So we check for it to be valid, and this is very similar to the empty [inaudible].

We just make sure that our index is not equal to the end index returning nil.

Again, because two-element collections don't have a, or one-element collections don't have a second element.

At this point, we have all the assumptions we need to know that our collection has at least two elements in it, and so we're safe to use the subscript operator with that index, retrieving the value that we desire.

Now, it turns out, or that looks like a lot of code, but it's worth pointing out that this general purpose index math will work with any collection, which is pretty awesome, and it turns out Swift has a better way to do this though.

There's something called slices, but before I show how to do it with slices, I want to talk about what slices are and how they work.

Slices are a type that describe only part of a collection.

And every slice has their own start and end index, and slices exist separately from the collections, from their originating collection.

And what makes slices so efficient is they occupy no extra storage.

They simply refer back to the original collection, and when slices are subscripted, they read out of the original buffer.

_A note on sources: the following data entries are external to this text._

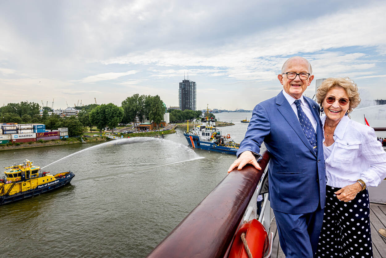 Prinses Margriet en prof. mr. Pieter van Vollenhoven wonen aan boord van ss Rotterdam de nautische demonstratiedag bij van het World Maritime Rescue Congress 2023.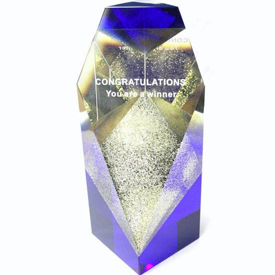 The Eco-crystalTrophy is nicely packaged for perfect presentation. The color-coated trophy boasts a faceted design inlaid with glitter to create maximum sparkling effects. Award prestigious people's effort with this inspired crystal trophy.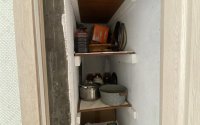 Санузел раздельный и выложен кафелем, пластиковые трубы, счётчики воды. Также есть кладовая в коридоре и в подъезде на площадке, что непременно порадует хозяйку. входная дверь металлическая высокого качества.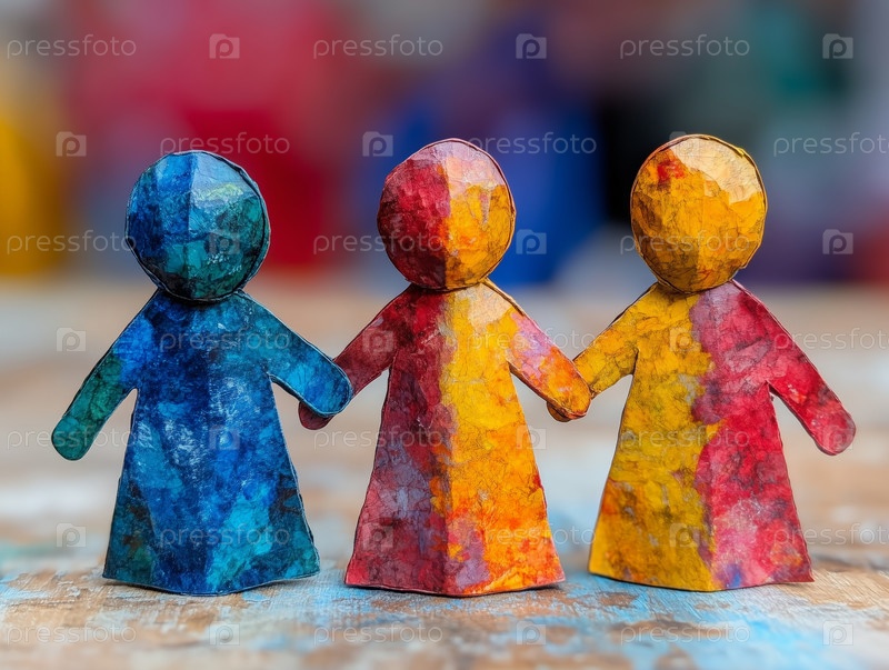 Красочные бумажные фигурки, держащиеся за руки на деревянной поверхности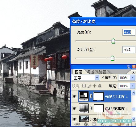 1、对背景进行色相和饱和度的调节,把红框内的色彩饱和度都调为-100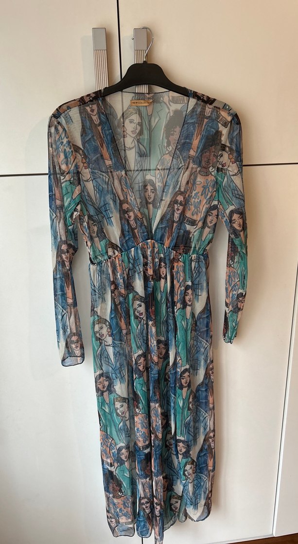 Turkuaz ve gri renklerde, bol kesim ve drapeli detaylara sahip uzun elbise. V yaka ve uzun kollu, baskılı tekstil ile bohem tarzını yansıtır.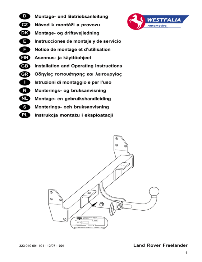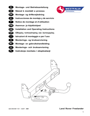 D Montage- und Betriebsanleitung CZ Návod&k&montáži&a&provozu DK Montage- og driftsvejledning E Instrucciones de montaje y de servicio F Notice de montage et d’utilisation FIN Asennus- ja käyttöohjeet GB Installation and Operating Instructions GR Οδηγ%ε' τοπου-τηση' και λειτουργ%α' I Istruzioni di montaggio e per l’uso N Monterings- og bruksanvisning NL Montage- en gebruikshandleiding S Monterings- och bruksanvisning PL Instrukcja&montażu&i&eksploatacji 323 040 691 101 - 12/07 - 001 Land Rover Freelander 1 D Lieferumfang der Anhängevorrichtung CZ Objem&dodání&tažného&zařízení DK Anhængertrækkets leveringsomfang 1 1x 2 1x 3 1x GR Περιεχ6µενο του πακ-του τη' σφαιρικ:' κεφαλ:' ζε<ξη' µε στ:ριγµα I Dotazione del gancio di traino 4 2x M12x75 (10.9) N Leveringsomfang for tilhengerfestet 5 2x M12x1,25x80 (10.9) 6 6x M10x25 (10.9) 7 6x 13x24x2,5 8 6x 10,5x21x2 9 2x M12 (10) 10 1x E Volumen de suministro del enganche F Pièces comprises dans la fourniture de l’attelage FIN Vetokoukun toimituksen sisältö GB Scope of delivery of towing hitch NL S PL 2 Leveringsomvang trekhaak Dragkrokens leveransspecifikation Zakres&dostawy&haka holowniczego D Lieferbare Ersatzteilumfänge Anhängevorrichtung CZ Dodatelné&náhradní&díly&tažného&zařízení DK Reservedele, der kan leveres til anhængertrækket E Volumen de piezas de repuesto suministrables del enganche F Pièces de rechange disponibles pour l’attelage FIN Vetokoukun toimitettavissa olevat varaosat GB Available spare parts for towing hitch GR Κατ?λογο' τ@ν διαυ-σιµ@ν ανταλλακτικµν τη' σφαιρικ:' κεφαλ:' ζε<ξη' µε στ:ριγµα I Pezzi di ricambio disponibili per il gancio di traino N Reservedeler for tilhengerfestet som kan leveres NL S PL Leverbare reserve-onderdelen t.b.v. trekhaak Dragkrokens reservdelsspecifikationer Zakres&dostarczanych&części&zamiennych&haka&holowniczego 3 4 Der Freiraum nach Anhang VII, Abbildung 30 der Richtlinie 94/20/EG ist zu gewährleisten. Frirummet skal overholdes iht. bilag VII, fig. 30 i direktiv 94/20/EF. Volný&prostor&ve&smyslu&Přílohy&VII,&obr.&30&Směrnice&č.&94/20/EG&musí&být&zaručen. Debe garantizarse el espacio libre, conforme al anexo VII, figura 30 de la directiva comunitaria CE/94/20. La zone de dégagement doit être garantie conformément à l'annexe VII, illustration 30 de la directive 94/ 20/CE. FIN Vapaa tila on taattava direktiivin 94/20/EY liitteen VII, kuvan 30 mukaisesti. GB The clearance specified in appendix VII, diagram 30 of guideline 94/20/EG must be guaranteed. GR Πρ#πει να εξασφαλ.ζεται ο ελε2θερο4 χ6ρο4 σ27φωνα 7ε το παρ9ρτη7α VII, εικ?να 30 τη4 Οδηγ.α4 94/ 20/EΟΚ. H Biztosítani&kell&a&94/20/EK&irányelv&szerinti,&VII.&számú&függelék&30.&ábrában&jelölt&szabad&teret. IDeve essere garantito lo spazio libero secondo l'allegato VII, figura 30 della direttiva 94/20/CE. NFrirommet etter tillegg VII, avbilding 30 i direktiv 94/20/EEC skal overholdes. NL De tussenruimte conform supplement VII, afbeelding 30 van de richtlijn 94/20/EG moet in acht worden genomen. PGarantir a zona livre, conforme Anexo VII, gráfico 30 da Norma 94/20/CE. PL Należy&zagwarantować&przestrzeń&swobodną&według&załącznika&VII,&ilustracja&30&wytycznej&94/20/EG&. SSpelrummet enligt bilaga VII, figur 30 i riktlinje 94/20/EG skall garanteras. SLO - Zagotoviti&zračnost&po&priklopu&VII,&slika&30,&smernice&94/20/EG&. SK Volný&priestor&v&zmysle&Prílohy&VII,&obr.&30&Smernice&č.&94/20/EG&musí&byť&zaručený. TR 94/20/EG Yönetmeliði, Ek VII, Resim 30'da belirtilen serbest alan býrakýlmalýdýr. Dbei zulässigem Gesamtgewicht des Fahrzeuges DK ved tilladt samlet vægt for køretøjet CZ při&celkové&přípustné&hmotnosti&vozidla Econ peso total autorizado del vehículo Fpour poids total en charge autorisé du véhicule FIN ajoneuvon suurimmalla sallitulla kokonaispainolla GB at laden weight of the vehicle GR για το επιτρεπτ? 7ικτ? β9ρο4 του οχN7ατο4 H a&jármű&megengedett&össztömege&esetén Iper un peso complessivo ammesso del veicolo Nved kjøretøyets tillatte totalvekt NL bij toelaatbaar totaal gewicht van het voertuig Pcom o peso total permitido do veículo PL przy&dopuszczalnym&ciężarze&całkowitym&pojazdu Svid fordonets tillåtna totalvikt SLO - pri&dovoljeni&skupni&teži&vozila SK pri&celkovej&prípustnej&hmotnosti&vozidla TR Taþýtýn azami toplam aðýrlýðýnda DDK CZ EF- 5 D Anhängevorrichtung (Kupplungskugel mit Halterung) ohne Elektrosatz Hersteller: WESTFALIA-AUTOMOTIVE GmbH Westfalia-Bestell - Nr.: 323 040 Genehmigungsnummer nach Richtlinie 94/20/EG: e13 00-0553 Klasse: A50-X Technische Daten : Typ: 323 040 maximaler D-Wert: 11,75 kN maximale Stützlast:140 kg Verwendungsbereich: Fahrzeughersteller: Rover Modell: Land Rover Freelander Allgemeine Hinweise: Für den Fahrbetrieb sind die Angaben des Fahrzeugherstellers bzgl. Anhängelast und Stützlast maßgebend, wobei die Werte der Anhängevorrichtung nicht überschritten werden dürfen. Die Anhängevorrichtung dient zum Ziehen von Anhängern, welche mit Zugkugelkupplungen ausgerüstet sind und zum Betrieb von Lastenträgern, welche für die Montage auf der Kupplungs-kugel zugelassen sind. Artfremde Benutzung ist verboten. Der Betrieb muß den Straßen-verhältnissen angepaßt erfolgen. Beim Betrieb verändern sich die Fahreigenschaften des Fahrzeuges. Die Betriebsanleitung des Fahrzeugherstellers ist zu beachten. Bei Fahrzeugen mit Einparkhilfe können nach Montage der Anhängevorrichtung Fehlfunktionen auftreten, da Teile (Kugelstange, Kupplungskugel) im Erfassungsbereich der Sensoren liegen könnten. In diesem Fall sollte der Erfassungsbereich angepasst oder die Einparkhilfe deaktiviert werden. Bei Verwendung von Anhängevorrichtungen mit abnehmbaren bzw. schwenkbaren Kugelstangen ist eine Fe

And they can do this because they share the same indices as their underlying collection.

And let's take a look at how that works.

We can prove this to ourselves.

We'll start with an array, and we'll ask that array to drop its first element, producing a slice that's one element shorter.

And because we care about proving about the indices, we'll actually get the second index of the array by asking to advance one after the start index, and then we'll compare those.

And indeed, they are the same.

Now this dropfirst function looks exactly like we need to succinctly get the second element of our collection.

So let's go back to our previous solution, and see how much more expressive we can be with slices.

Remember all that fancy index [inaudible] code we had to write earlier?

Well, by using dropfirst, we're going to let slices take care of all that fancy index bounds checking for us.

And since first returns an optional, this will work as expected with empty and single element collections.

Let's visualize what's happening here.

We start with an array, and we form a slice by dropping the first element.

We then use the first property to subscript into the slice, retrieving the element from the original collection.

Now I don't know about you, but I'd much rather maintain this code.

Now every type is free to describe its own slice type, and many do.

For instance, arrays define array slices that are especially attuned to the most common use cases that arrays work with.

Similarly, string defines a substring slice type, and substrings, again, are tuned to the special cases that are most common with strings.

Some types, like set, will make use of the generalized slice type defined in the standard library.

That's because sets are unordered.

There's not very much else that they can do.

They just basically need to maintain a start and an end index [inaudible] to the original collection.

Data and range on the other hand are their own slice types, and so there's a lot of options that you have here.

And there's one more thing about slices that I want to talk about before we move on.

Let's suppose that we had a really large collection, like thousands and thousands and thousands of elements.

And we add a couple of small slices to parts of that collection.

It's important to remember that the slice keeps the entirety of the originating collection alive as long as the slice is around.

And this can lead to surprising problems.

Let see how this works in code.

Let's suppose I have an extension on an array that allows me to return the first half, and I'm using the droplast function here to do so.

And we have an array of eight numbers, and we call our extension, producing the slice, and then to try to get rid of that original storage of eight numbers, I go ahead and assign that array to an empty array.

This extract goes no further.